From 2b5f45a59b0ee2031833394474d335d27d9e1ee0 Mon Sep 17 00:00:00 2001
From: luoyu-intel <yu.luo@intel.com>
Date: Wed, 22 May 2024 15:09:01 +0800
Subject: [PATCH] update doc and clang-format

---
 README.md                      |  2 +-
 bestla/README.md               |  8 +++++++-
 bestla/bestla/kernel_avx512f.h | 18 +++++++++---------
 docs/advanced_usage.md         |  7 ++++---
 neural_speed/core/README.md    |  6 +++++-
 5 files changed, 26 insertions(+), 15 deletions(-)
diff --git a/README.md b/README.md
index 66abc6afc..bdc8afc88 100644
--- a/README.md
+++ b/README.md
@@ -3,7 +3,7 @@
 Neural Speed is an innovative library designed to support the efficient inference of large language models (LLMs) on Intel platforms through the state-of-the-art (SOTA) low-bit quantization powered by [Intel Neural Compressor](https://github.com/intel/neural-compressor). The work is inspired by [llama.cpp](https://github.com/ggerganov/llama.cpp) and further optimized for Intel platforms with our innovations in [NeurIPS' 2023](https://arxiv.org/abs/2311.00502)
 
 ## Key Features
-- Highly optimized low-precision kernels on CPUs with ISAs (AMX, VNNI, AVX512F, AVX_VNNI and AVX2). See [details](neural_speed/core/README.md)
+- Highly optimized kernels on CPUs with ISAs (AMX, VNNI, AVX512F, AVX_VNNI and AVX2) for N-bit weight (int1, int2, int3, int4, int5, int6, int7 and int8). See [details](neural_speed/core/README.md)
 - Up to 40x performance speedup on popular LLMs compared with llama.cpp. See [details](https://medium.com/@NeuralCompressor/llm-performance-of-intel-extension-for-transformers-f7d061556176) 
 - Tensor parallelism across sockets/nodes on CPUs. See [details](./docs/tensor_parallelism.md)
 
diff --git a/bestla/README.md b/bestla/README.md
index ca1229ccb..cb4529bb7 100644
--- a/bestla/README.md
+++ b/bestla/README.md
@@ -28,6 +28,7 @@ BesTLA provides weight-only linear computational capabilities for LLM inference.

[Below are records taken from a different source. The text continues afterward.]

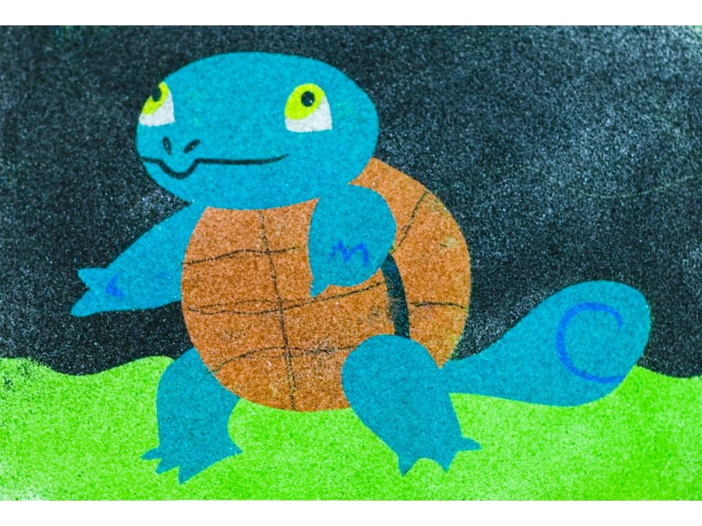 Tato šablona na pískování zachycuje roztomilé stvoření inspirované přírodou. Díky barevnému písku můžeš vytvořit krásně zelený lístek, želvičku v přírodních tónech a dodat obrázku živý a hravý vzhled.
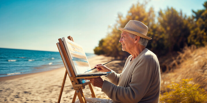 Retired pensioner having an active hobby painting on a beautiful day on the beach full of wellness and joy in their retirement
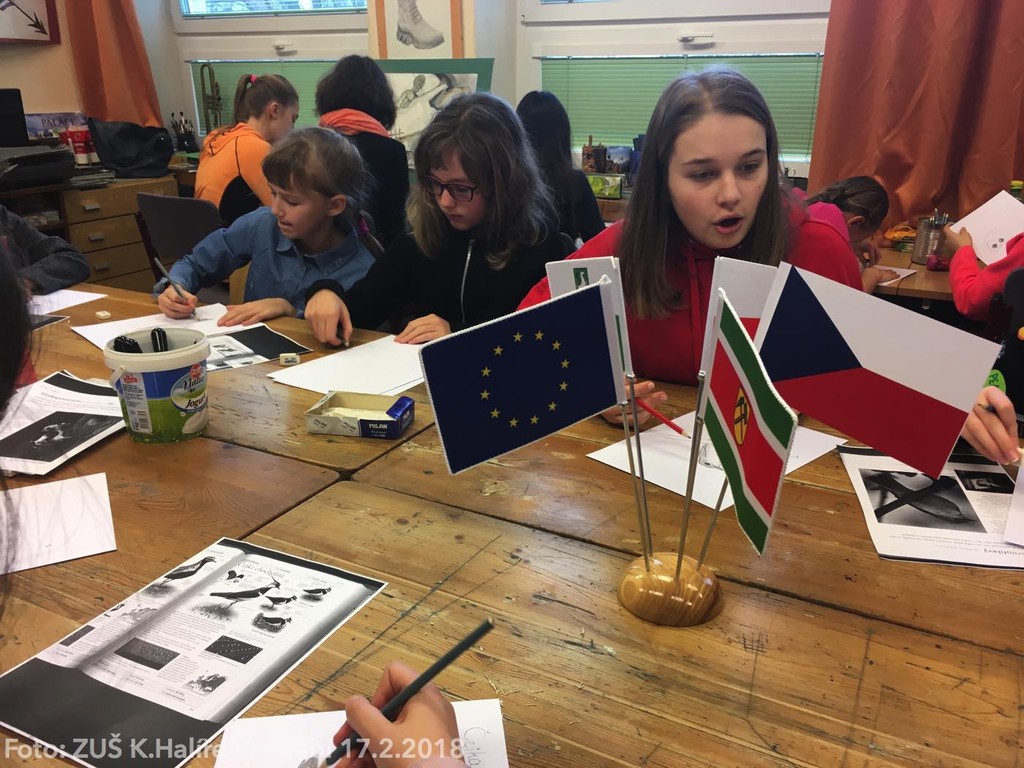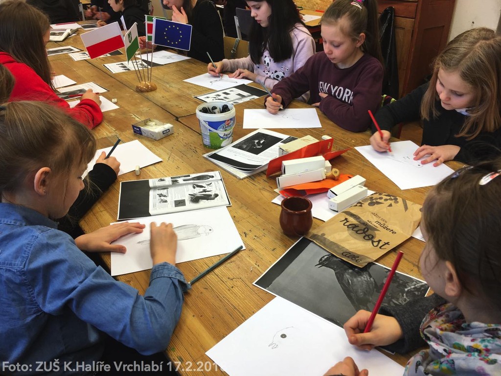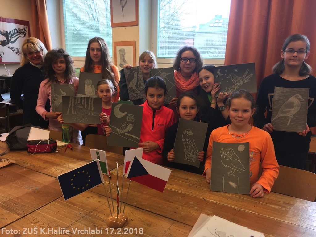 Druhé setkání v rámci projektu proběhlo v ZUŠ Karla Halíře ve Vrchlabí. V rámci celodenního setkání se děti věnovaly technice linorytu s tématickým zaměřením na ztvárnění ptactva. Po procházce městěm Vrchlabí a společném obědě v restauraci Hotelu Labuť jsme se s našimi přáteli rozloučili s tím, že se opět těšíme na společné setkání v březnu.
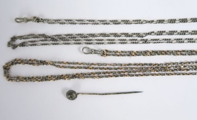 Giletière en argent et giletière en argent et vermeil. Poids : 34 g, On y joint une épingle de cravate en argent (1.30 g)
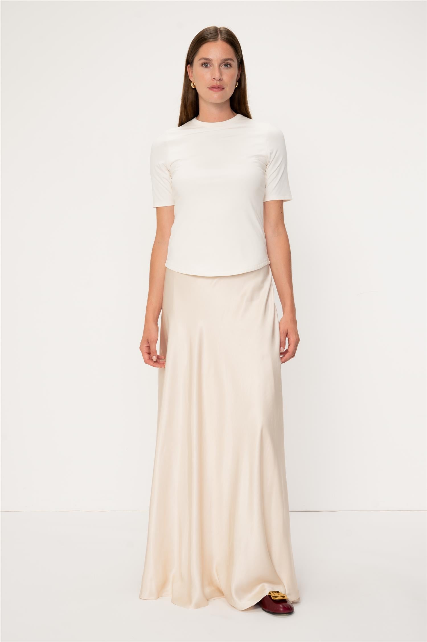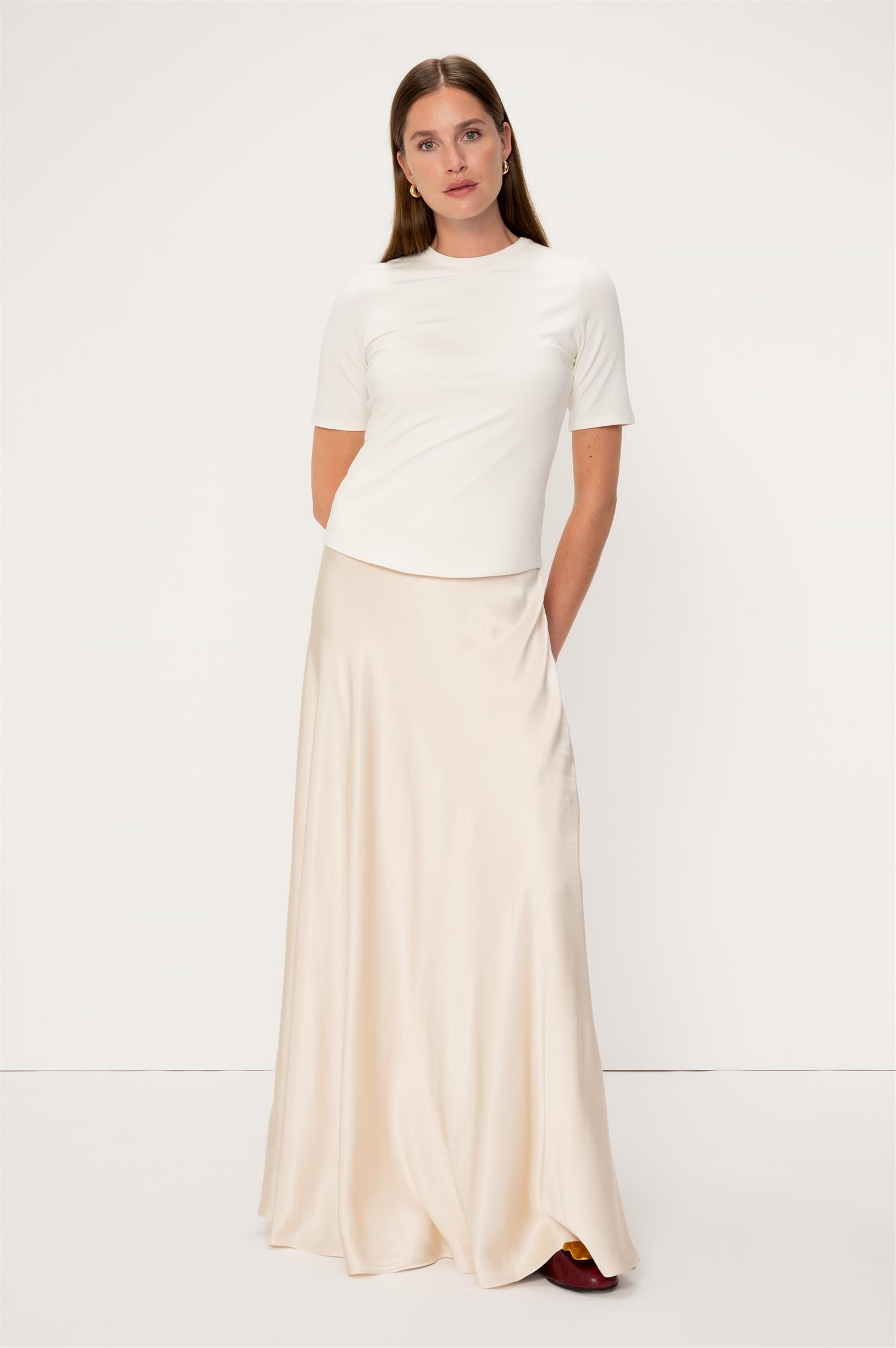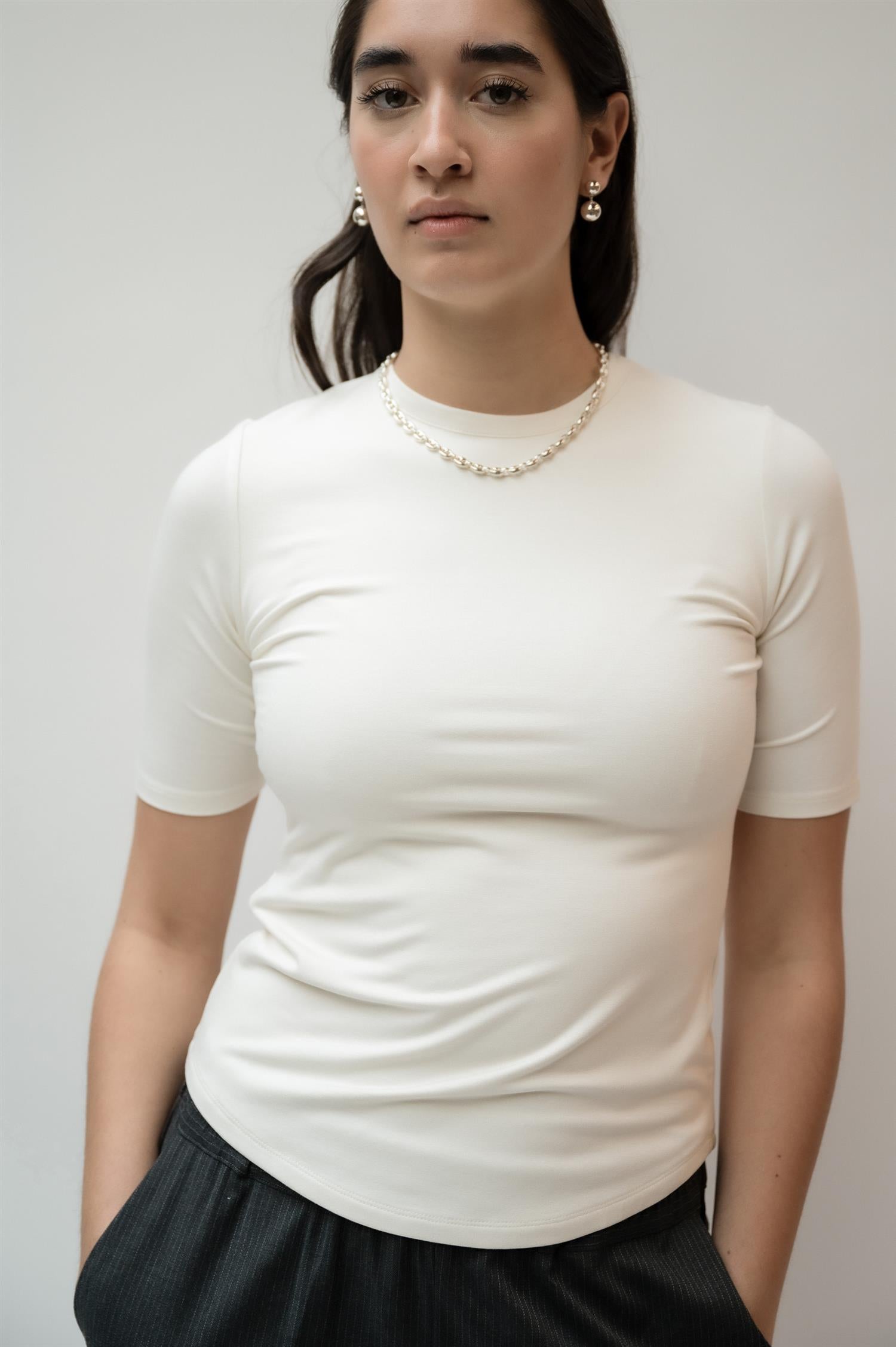 Spica Top Coconut Milk fra Viveh er base t-skjorten med et løftet og rent uttrykk. Toppen er laget av en myk og strukturert ECOVERO™ viskosejersey med dobbel fôring for god dekkevne og komfort.

 | INT5                   | INT8 / BF16 / FP32 |    BF16 / FP32    | sym / asym |
 | INT6                   | INT8 / BF16 / FP32 |    BF16 / FP32    | sym / asym |
 | INT7                   | INT8 / BF16 / FP32 |    BF16 / FP32    | sym / asym |
+| INT1                   | INT8 / BF16 / FP32 |    BF16 / FP32    | sym / asym |
 | FP8 (E4M3, E5M2)       |    BF16 / FP32     | FP32 / FP8 (E8M0) |    sym     |
 | FP4 (E2M1)             |    BF16 / FP32     |    BF16 / FP32    |    sym     |
 | NF4                    |    BF16 / FP32     |    BF16 / FP32    |    sym     |
@@ -49,6 +50,11 @@ BesTLA provides assembly-level postop-fusion through epilogue to minimize the ov
 - RELU
 - EXP
 - TANH
+
+## Optimized thread pool for hybrid CPUs
+Our thread pool is optimized for hybrid CPUs (client CPUs after Core 11th). It will be much faster than OMP thread pool.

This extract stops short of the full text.